The relationship between spawning biomass and recruitment
Spawning biomass is defined as the total mass of sexually mature and active fish in a population. There is a level of recruitment that has to be maintained from one year to the next in order to maintain spawning biomass at a given level. This level of recruitment would offset losses to natural mortality and keep spawning biomass at a static level. The relationship between this level of recruitment and the resultant spawning biomass is the straight line in Fig. 2, and is referred to as the replacement line. From the replacement line it is clear that the amount of recruitment required to maintain various fixed spawning biomass levels is proportional to the desired spawning biomass level, as one would expect.
The replacement level of recruitment is not necessarily the same as the amount of recruitment that a given quantity of spawning biomass is able to produce through normal reproductive processes. The curved line in Fig. 2 depicts the amount of recruitment generated reproductively by a given spawning biomass. Clearly, increasing or decreasing the spawning biomass does not result in a proportionate change in the amount of recruitment it is able to produce (in contrast to the proportional relationship that exists between spawning biomass and the amount of ongoing recruitment needed to maintain that spawning biomass level by offsetting losses to natural mortality).
The existence of curvature in the relationship between recruitment from reproductive processes and spawning biomass means that there is a single non-zero point where the replacement line and the curve meet. To the left of this point, the actual recruitment that is generated reproductively by the spawning biomass exceeds the amount of ongoing recruitment required to maintain the spawning biomass. As a result, in the unexploited situation, when the spawning biomass is to the left of the intersection point, it will tend to grow in size.
Conversely, to the right of the intersection point, the actual recruitment that is generated by the spawning biomass is less than the amount of recruitment required to maintain the spawning biomass, and spawning biomass will tend to decline over time. At the point of intersection, the recruitment generated through reproductive processes in the spawning population is equal to the amount of recruitment required to balance natural mortality and maintain the spawning biomass, and the population is said to be in a state of equilibrium, i.e. it neither grows nor declines in size over time.
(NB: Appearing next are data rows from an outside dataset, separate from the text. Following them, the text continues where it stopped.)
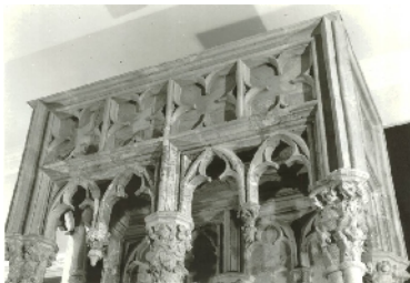
Visegrád, Anjou falikút felső része
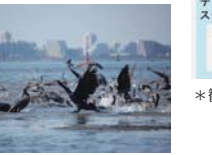
カワウ 留鳥 周年みられる。
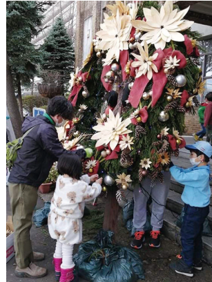
シンボルリースの設置
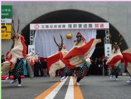
▲地元の方々による「菅窪鹿踊（すげのくぼししおどり）」が式典を盛り上げました
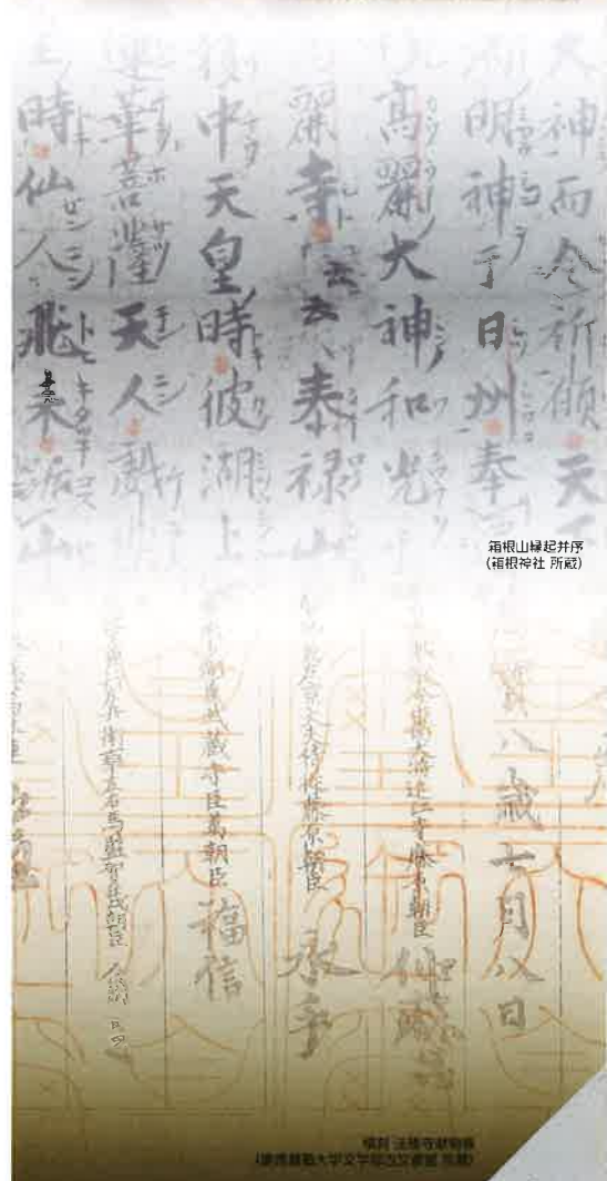
箱根山縁起并序

The fact that the resource tends to grow when it is to the left of the equilibrium point is the basis for the existence of sustainable yield, i.e. the quantity of fish that can be harvested indefinitely without depleting resource biomass. The idea is that fishing keeps the resource below the unexploited equilibrium point by harvesting the extra growth that the population generates while trying to grow back to its unexploited state.
The fact that the species has survived over millions of years indicates that, at least as a long term average, some point of unexploited equilibrium exists. Synonymous with this, for the unexploited equilibrium point to exist, the recruitment generated reproductively by spawning biomass has to average out as a curve which intersects with the replacement line, as shown in Fig. 2. The reasons for the curvature are complex and probably involve many different factors, some acting individually, others interacting with each other in complex ways.
There is evidence from many different fisheries around the world that recruitment does exhibit the kind of curvature referred to here. For example, in many fisheries recruitment is not sensitive to spawning biomass when spawning biomass remains above a critical level of about 20% to 40% of the pristine spawning biomass level.